La Banque centrale européenne (BCE) a annoncé un élargissement de son initiative visant à faciliter le règlement en monnaie de banque centrale des transactions enregistrées sur la technologie des registres distribués (DLT), dans le but d'améliorer l'efficacité des marchés financiers tout en maintenant la sécurité.
Approche à deux volets pour la mise en œuvre
Le Conseil des gouverneurs de la BCE a annoncé lundi que l'initiative se déroulera en deux temps. Dans un premier temps, l'Eurosystème développera une liaison d'interopérabilité entre les transactions basées sur la technologie des registres distribués (DLT) et sa plateforme TARGET Services existante. Le calendrier de mise en œuvre reste à confirmer.
À plus long terme, la BCE étudiera une solution entièrement intégrée pour les règlements DLT, y compris les transactions internationales telles que les règlements de change.
Engagement en faveur de l’innovation et de la stabilité suite à l’initiative élargie de la BCE
« Nous misons sur l’innovation sans compromettre la sécurité et la stabilité », a déclaré Piero Cipollone, membre du directoire de la BCE et responsable de cette initiative.
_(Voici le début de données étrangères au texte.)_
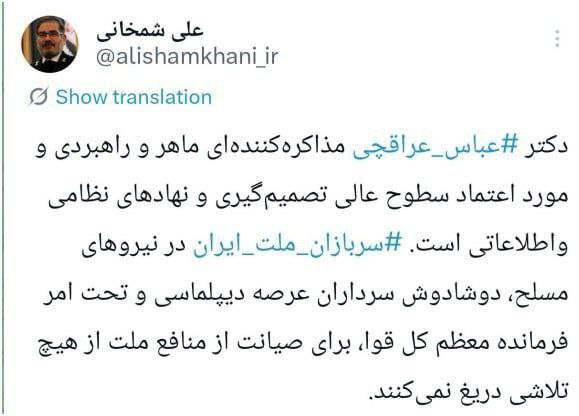 رویداد 24/ شمخانی که به تازگی به عنوان دبیر شورای دفاع از سوی رئیس جمهور تعیین شده است در پیامی از عراقچی تمجید کرد.

Il a souligné que ce plan s’inscrit dans l’objectif plus large de l’Eurosystème d’harmoniser et d’intégrer l’écosystème financier européen.
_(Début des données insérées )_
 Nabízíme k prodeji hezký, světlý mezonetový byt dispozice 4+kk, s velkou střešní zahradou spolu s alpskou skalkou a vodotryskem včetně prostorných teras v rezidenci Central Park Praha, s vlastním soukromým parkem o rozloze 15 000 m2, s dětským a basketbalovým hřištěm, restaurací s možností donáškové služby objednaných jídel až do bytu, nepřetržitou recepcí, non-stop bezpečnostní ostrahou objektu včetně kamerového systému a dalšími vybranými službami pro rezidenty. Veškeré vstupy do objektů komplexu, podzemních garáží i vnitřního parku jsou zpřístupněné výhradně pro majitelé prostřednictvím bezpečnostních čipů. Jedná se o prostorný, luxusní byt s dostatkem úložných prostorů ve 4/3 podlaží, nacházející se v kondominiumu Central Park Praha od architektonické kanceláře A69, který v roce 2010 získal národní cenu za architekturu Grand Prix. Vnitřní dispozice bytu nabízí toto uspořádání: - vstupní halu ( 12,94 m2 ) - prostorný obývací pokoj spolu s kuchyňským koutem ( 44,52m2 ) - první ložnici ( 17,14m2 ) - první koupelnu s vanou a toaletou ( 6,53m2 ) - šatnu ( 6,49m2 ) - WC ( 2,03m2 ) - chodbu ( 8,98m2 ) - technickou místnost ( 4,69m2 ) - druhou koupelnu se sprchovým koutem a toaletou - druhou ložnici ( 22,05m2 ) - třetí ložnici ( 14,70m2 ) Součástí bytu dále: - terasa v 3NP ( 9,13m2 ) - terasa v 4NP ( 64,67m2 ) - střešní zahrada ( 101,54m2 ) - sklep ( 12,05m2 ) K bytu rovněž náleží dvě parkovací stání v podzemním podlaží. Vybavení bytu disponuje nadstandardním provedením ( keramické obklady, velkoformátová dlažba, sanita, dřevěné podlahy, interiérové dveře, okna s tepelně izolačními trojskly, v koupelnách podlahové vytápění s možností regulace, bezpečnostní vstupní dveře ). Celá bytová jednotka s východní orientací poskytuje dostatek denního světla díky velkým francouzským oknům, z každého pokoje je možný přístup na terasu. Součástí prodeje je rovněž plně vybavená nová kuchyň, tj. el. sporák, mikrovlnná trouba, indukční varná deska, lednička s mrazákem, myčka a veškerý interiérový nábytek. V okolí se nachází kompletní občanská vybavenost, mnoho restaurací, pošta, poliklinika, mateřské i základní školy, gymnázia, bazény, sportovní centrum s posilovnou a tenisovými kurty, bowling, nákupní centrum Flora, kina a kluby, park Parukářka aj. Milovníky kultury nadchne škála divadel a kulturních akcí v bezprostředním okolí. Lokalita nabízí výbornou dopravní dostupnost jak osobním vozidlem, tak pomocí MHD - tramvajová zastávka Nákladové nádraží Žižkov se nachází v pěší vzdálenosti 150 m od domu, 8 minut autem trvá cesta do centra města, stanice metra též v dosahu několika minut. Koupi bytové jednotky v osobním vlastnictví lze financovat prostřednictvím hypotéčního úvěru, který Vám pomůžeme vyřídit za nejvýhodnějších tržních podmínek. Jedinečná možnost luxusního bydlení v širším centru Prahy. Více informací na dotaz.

La BCE s'est engagée à poursuivre ses recherches et son dialogue avec les acteurs publics et privés afin de garantir que ses efforts d'intégration de la technologie DLT soient en phase avec l'évolution des besoins du secteur financier.
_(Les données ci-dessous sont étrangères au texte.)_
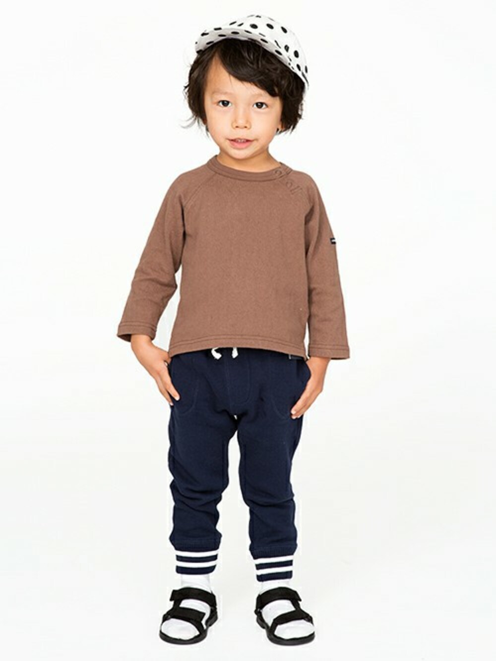 綿100%のシンプルなデザインでデイリー使いにピッタリのラグランスリーブTシャツはやや厚めの丈夫な素材とラインにこだわりました。男女兼用で着用頂けるカラーリングがおすすめポイント。ワンサイズ上を着ても袖がもたつかない9分袖。左袖のロゴ入りタグや、前後で長さに差を出した身丈などディテールにこだわりが光る1着♪裾サイドにはスリットを入れて動きやすく工夫しました。内側にはお名前を2通り記入できるネームタグをご用意。下段から記入すれば「おさがり」も難なくクリアできる仕様です。複数買いしたくなるプライスも魅力的。保育園や小学校などの通学着などにも大活躍。ロングシーズン着用できるのでデニムやスカート・オーバーオール・サロペットなど様々なコーディネートをお楽しみください!ボトムはソフトな裏毛生地で仕立てた、リラックススタイル満点のスウェットパンツでゆるカジに。ウエストの飾りコードがさり気ないアクセント。裾はライン入りのリブで切り替え全体にメリハリをプラスしました。両サイドポケットつき。ウエストゴム入りです。

S’appuyant sur les essais et expériences précédents
Cette décision s'appuie sur des travaux exploratoires menés entre mai et novembre 2024, au cours desquels 64 participants, dont des banques centrales, des institutions financières et des opérateurs de plateformes DLT, ont réalisé plus de 50 essais et expérimentations. Certains essais portaient sur des règlements réels en monnaie de banque centrale, tandis que d'autres testaient des transactions simulées.
En élargissant son initiative, la BCE entend positionner l'Eurosystème à l'avant-garde des infrastructures financières numériques. Cette démarche s'inscrit également dans le cadre de l'appel du Conseil des gouverneurs à promouvoir une union numérique des marchés de capitaux, tel qu'exprimé dans sa déclaration de mars 2024.